Directions
Nothing but the text of the records belongs in your answer: repeat all of it exactly and leave out the images.

------------------------------------------------------------

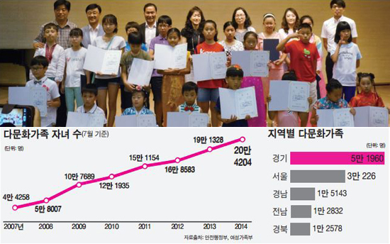 28일 안전행정부와 여성가족부에 따르면 2007년 4만 4258명이던 다문화가족 자녀는 2009년 10만 명을 넘어선 뒤 2010년 12만 1935명, 2011년 15만 1154명, 2012년 16만 8583명, 지난해 19만 1328명, 올해 20만 4204명으로 증가 추세를 보이고 있다. 예전에 비해 증가 폭이 크진 않지만 계속 늘고 있는 셈이다.
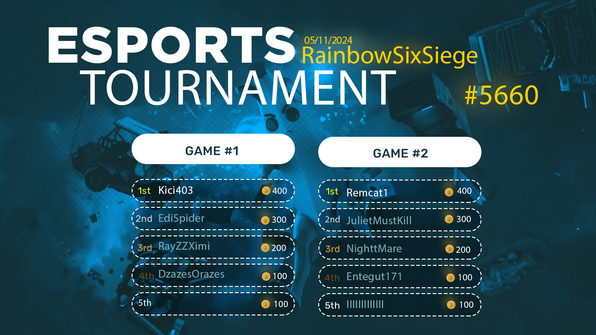 Esports Tournament #5660- Rainbow6S- 05/11/2024
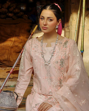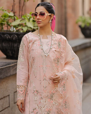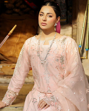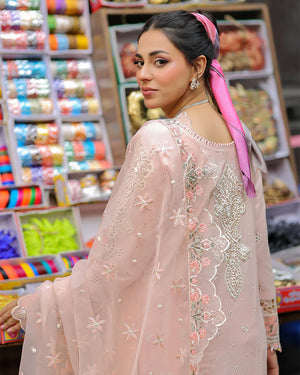 | Stunning cotton chikankari shirt! It is expertly crafted with intricate embroidery, organza patches, and eye-catching crystal tassels Organza dupatta features beautiful multi-thread and scalloped borders Cotton palazzo pants are adorned with elegant pearls embellishments.  |
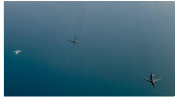 Bộ Quốc phòng Mỹ đã công bố các bức ảnh máy bay Nga bay kèm máy bay chiến đấu của Mỹ. Các quan chức cho biết cuộc diễn tập đã được thực hiện một cách an toàn.
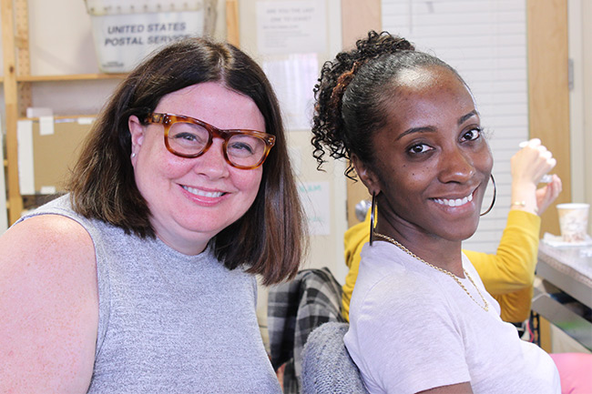Holly and her team work in a converted manufacturing building outside of Boston. The space is a designer’s dream—hardwood floors, sky high ceilings, and lots of light. Her team was warm and welcoming, and the studio buzzes with creative energy. Besides her sandbank, a highlight of the tour was seeing the very table Holly launched her business from—formerly her dining room table, now in use in her conference room.
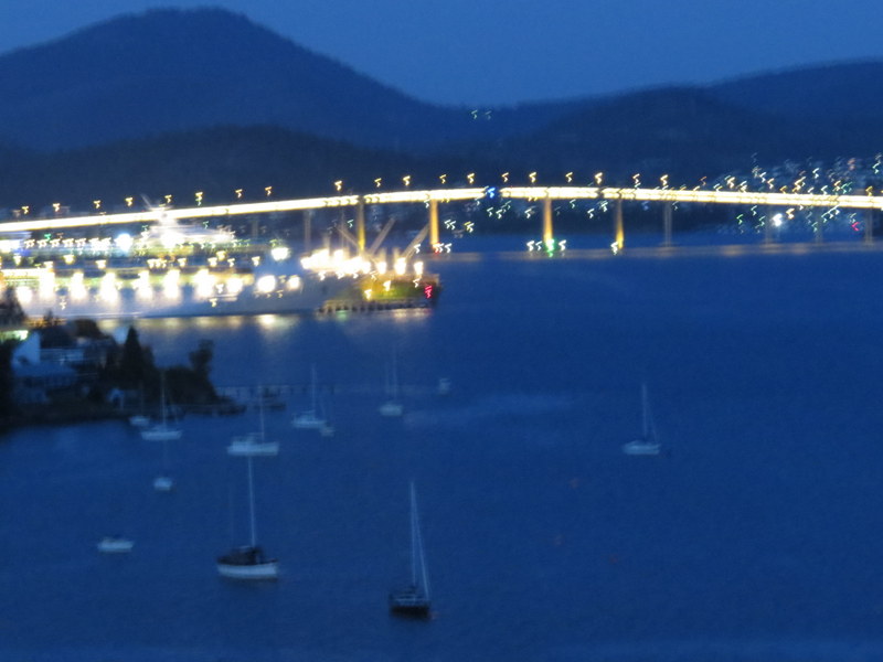 Well we finally arrived in beautiful Hobart, waited ages for the luggage to be offloaded, got our hire car – a red Golf – and with a difficulty found our accommodation – very posh with a fabulous view but all in one room! It was late so we ordered room service. Fettuccini with creamy mushroom and bacon sauce. And they only brought after I’d repeated the order four times! Anyway – it was an adventure – and things could have been worse.
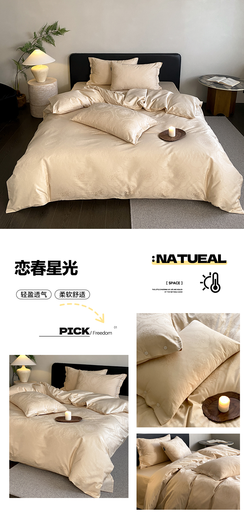 (总)三味舒屋 2026新款长绒棉全棉提花四件套-尼亚系列拍法二,尼亚黑灰,尼亚象牙色,尼亚星光金
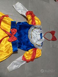 Salve vendo questo bellissimo vestito di carnevale di Biancaneve e i 7 nani in buone condizioni, il vestito è taglia 5/6 anni pagaso, ho apportato delle modifiche perché aveva delle cose cucite sulla gonna che si sono scucite , anche la cucitura sotto la gonna come si vede dalle foto è un po' rovinata. Compreso di mantello e frontino con fiocco rosso

------------------------------------------------------------

Task result
 28일 안전행정부와 여성가족부에 따르면 2007년 4만 4258명이던 다문화가족 자녀는 2009년 10만 명을 넘어선 뒤 2010년 12만 1935명, 2011년 15만 1154명, 2012년 16만 8583명, 지난해 19만 1328명, 올해 20만 4204명으로 증가 추세를 보이고 있다. 예전에 비해 증가 폭이 크진 않지만 계속 늘고 있는 셈이다.
 Esports Tournament #5660- Rainbow6S- 05/11/2024
 | Stunning cotton chikankari shirt! It is expertly crafted with intricate embroidery, organza patches, and eye-catching crystal tassels Organza dupatta features beautiful multi-thread and scalloped borders Cotton palazzo pants are adorned with elegant pearls embellishments.  |
 Bộ Quốc phòng Mỹ đã công bố các bức ảnh máy bay Nga bay kèm máy bay chiến đấu của Mỹ. Các quan chức cho biết cuộc diễn tập đã được thực hiện một cách an toàn.
Holly and her team work in a converted manufacturing building outside of Boston. The space is a designer’s dream—hardwood floors, sky high ceilings, and lots of light. Her team was warm and welcoming, and the studio buzzes with creative energy. Besides her sandbank, a highlight of the tour was seeing the very table Holly launched her business from—formerly her dining room table, now in use in her conference room.
 Well we finally arrived in beautiful Hobart, waited ages for the luggage to be offloaded, got our hire car – a red Golf – and with a difficulty found our accommodation – very posh with a fabulous view but all in one room! It was late so we ordered room service. Fettuccini with creamy mushroom and bacon sauce. And they only brought after I’d repeated the order four times! Anyway – it was an adventure – and things could have been worse.
 (总)三味舒屋 2026新款长绒棉全棉提花四件套-尼亚系列拍法二,尼亚黑灰,尼亚象牙色,尼亚星光金
 Salve vendo questo bellissimo vestito di carnevale di Biancaneve e i 7 nani in buone condizioni, il vestito è taglia 5/6 anni pagaso, ho apportato delle modifiche perché aveva delle cose cucite sulla gonna che si sono scucite , anche la cucitura sotto la gonna come si vede dalle foto è un po' rovinata. Compreso di mantello e frontino con fiocco rosso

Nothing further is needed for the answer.